Равнодушие Судакова к людям и его прямо-таки самозабвенное участие в служебной обрядовости, карьерных условностях гипертрофированно развиты в его зяте Егоре Ясюнине. Для Егора, как, впрочем, и вообще для нового поколения чиновничества, Судаков – уже архаизм, его поведение «обременено условностями». «Вчерашнее жаркое», «старье – оно и есть старье» – так отзывается о «глухаре» молодой сослуживец Егора Золотарев. И Егор, и Золотарев – чиновники грядущих предперестроечных 80-х годов, у которых сильно развит инстинкт самосохранения: они выживут при любых социальных потрясениях.

Виртуозный карьерист, расчетливый и хладнокровный, Ясюнин в системе персонажей с полным основанием претендует на амплуа абсолютного злодея, не знающего рефлексий, сомнений и страстей. Отмеченное в критике принципиальное сходство драматургии Островского и Розова заключается еще и в том, что моральные качества многих их персонажей определены изначально, до их появления на сцене.

Зять Судакова руководствуется принципами, помогающими ему строить свой благополучный мир и прорываться к вершинам карьеры. Один из таких принципов – «надо учиться отказывать», другой – «чувство благодарности принижает человека, делает его рабом этой благодарности». В годы, когда социальное происхождение имело весьма существенное значение и в статистических отчетах по тому или иному поводу непременно указывались проценты принадлежащих к рабочим, колхозникам или интеллигентам, Егор – «великий рязанец», по ироничной характеристике Прова, – использовал свою биографию как средство достижения цели, став своего рода экспонатом советской демократии. Судаков демонстрирует его иностранному гостю как работающего на международной ниве сына рязанского мужика-колхозника.
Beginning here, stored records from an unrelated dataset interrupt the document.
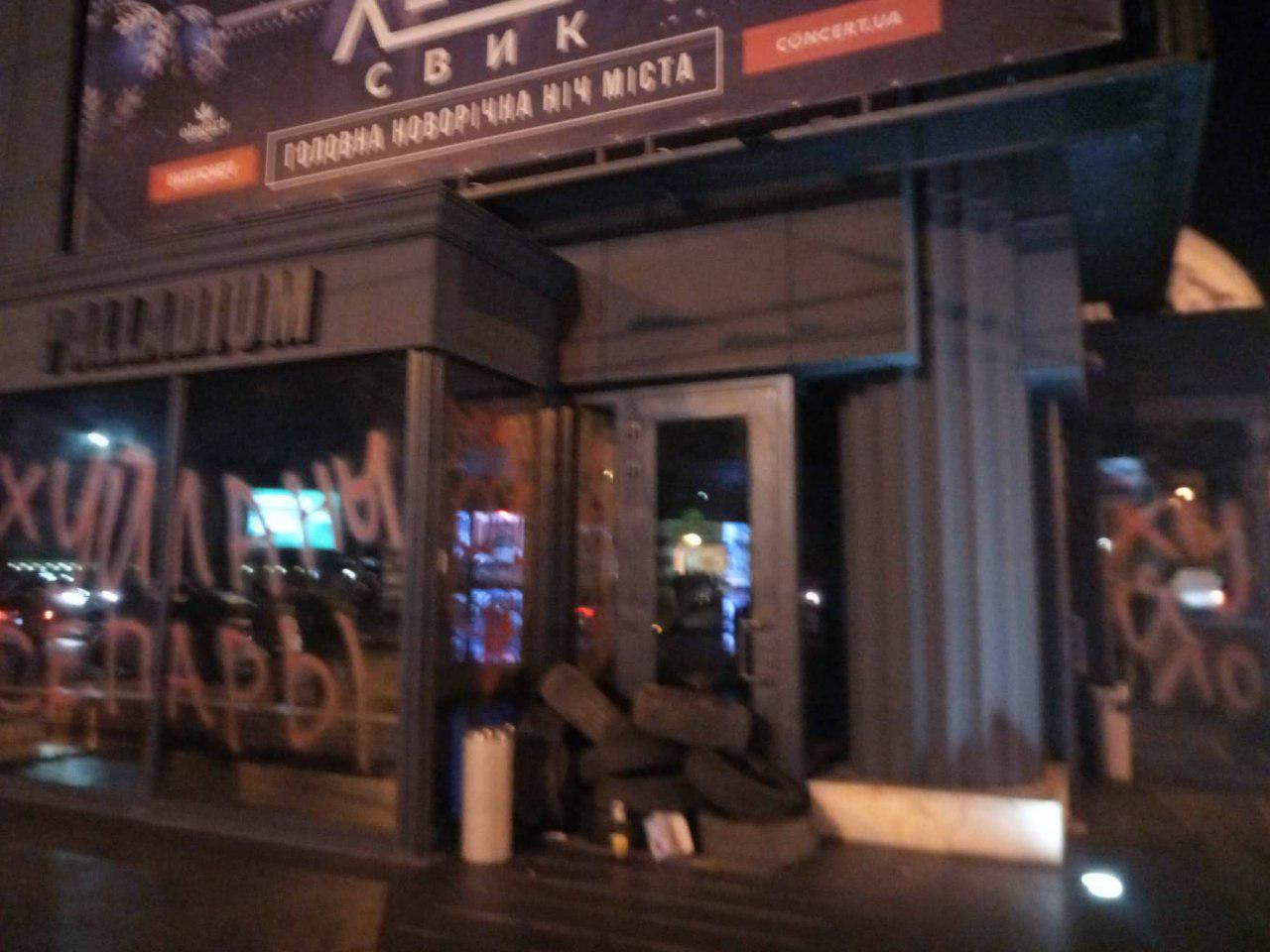 Также они принесли под здание клуба автопокрышки и написали на окнах заведения "ху@ланы, сепары" и "сепар-клуб закрыт".
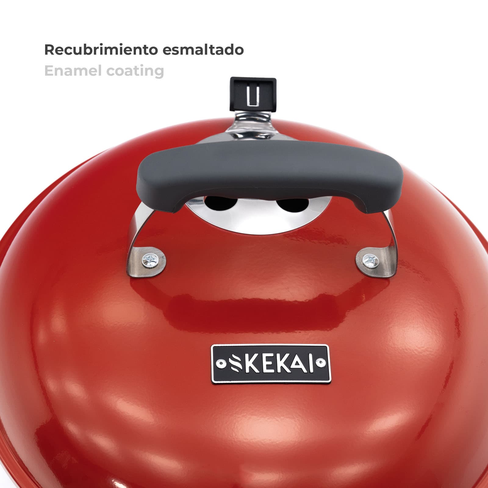 Barbacoa de sobremesa de la marca KEKAI, fabricada en acero con acabado esmaltado. Uso de carbón como combustible. Con superficie de cocción de 35 cm. Tapa con sistema de bloqueo y plato recoge cenizas de aluminio.
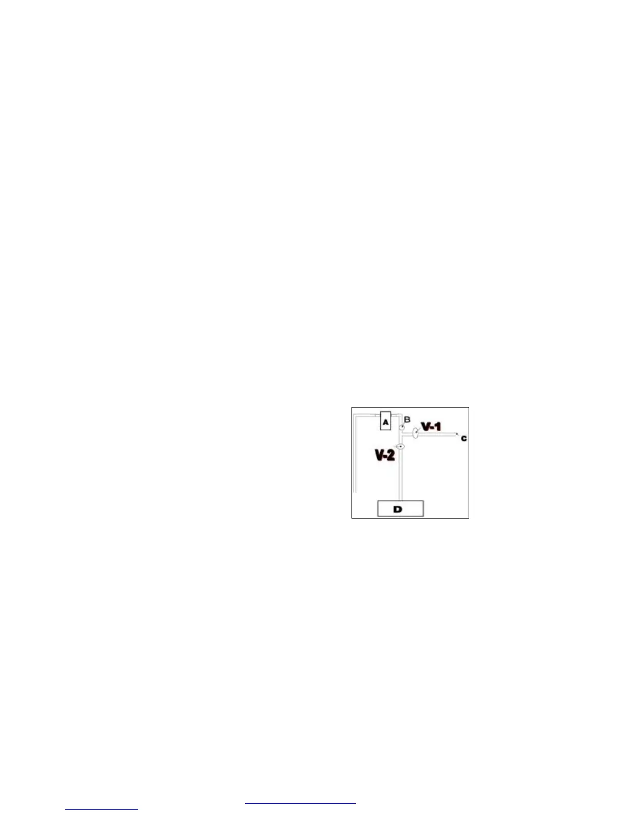 Open faucets, close V-1 valve, V-2 valve needs to be open.
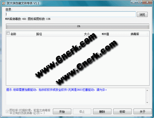 專用查殺偽裝病毒(偽裝文件夾、偽裝視頻、偽裝音樂、偽裝Office、偽裝殺毒軟件)。除了擁有MD5庫外,還擁有大量圖標(biāo)庫,能夠發(fā)現(xiàn)并查殺病毒庫中沒有的偽裝病毒。

Биография Егора – не важно, реальная или им придуманная, – способствует его успешному продвижению по службе. Неустроенная жизнь «в общежитии, в бараке» с отцом, приехавшим в Москву на заработки, развила в нем природное честолюбие, стремление к успеху, а в конечном счете к власти. Он являет собой типичное порождение социальных парадоксов общества, идеологии тех лет, лицемерия как факта государственной морали: «В школе все о высоких материях – идеи, комсомольский энтузиазм, долг перед Родиной и прочее, а в барак вернусь, и в глаза мне такая другая академия лезет… Учился бешено. Золотая медаль мне как воздух нужна была, как жизнь, как пропуск в будущее». Роскошная по тем временам обстановка в квартире Судаковых лишь утвердила его в намерении добиться успеха любым путем: «Я тогда такое только в кино видел».

Двадцатидевятилетний Егор по своей натуре – победитель. Закончив школу с золотой медалью, получив по окончании вуза диплом с отличием, защитив кандидатскую диссертацию без единого «черного шара», он удачно продвигается по службе, читает лекции в Историко-архивном институте. Егор – красавец, у него роман с дочерью большого начальника, от которого зависит его дальнейшее восхождение по служебной лестнице. Когда-то он появился в семье Судаковых робким провинциальным юношей и с подобострастием Молчалина был готов каждому услужить; в конце же пьесы мы узнаем, как, используя расположение отца своей любовницы, он занимает тот самый пост, о котором мечтал его тесть.

Юный герой пьесы Пров Судаков с болью чувствует, что не только в семье, но и за пределами квартиры, в большом взрослом мире, неумолимо побеждает расчет, что добро бессильно, а слабые мира сего так и останутся слабыми, на обочине той дороги, по которой с торжеством идут Егоры. Юношеское отчаяние, однако, притупляется у него эпатирующим сарказмом. Пров не способен к активному противостоянию, а за его иронией скрываются детская незащищенность и слабость. Он может бросить красивую фразу о социальных безобразиях, их корнях и необходимости эти корни вырывать, но сам не в состоянии никому помочь. Образ жизни отца толкает героя на бессмысленный поступок, столь же детский и отчаянный, как и «бунт» Олега Савина из пьесы «В поисках радости». Свою нелепую выходку с портфелем, выхваченным у прохожего, он совершает для того, чтобы хоть как-то воскресить в отце живое человеческое чувство, побудить его к пересмотру жизненных ценностей, измеряемых отнюдь не только ступенями служебной лестницы.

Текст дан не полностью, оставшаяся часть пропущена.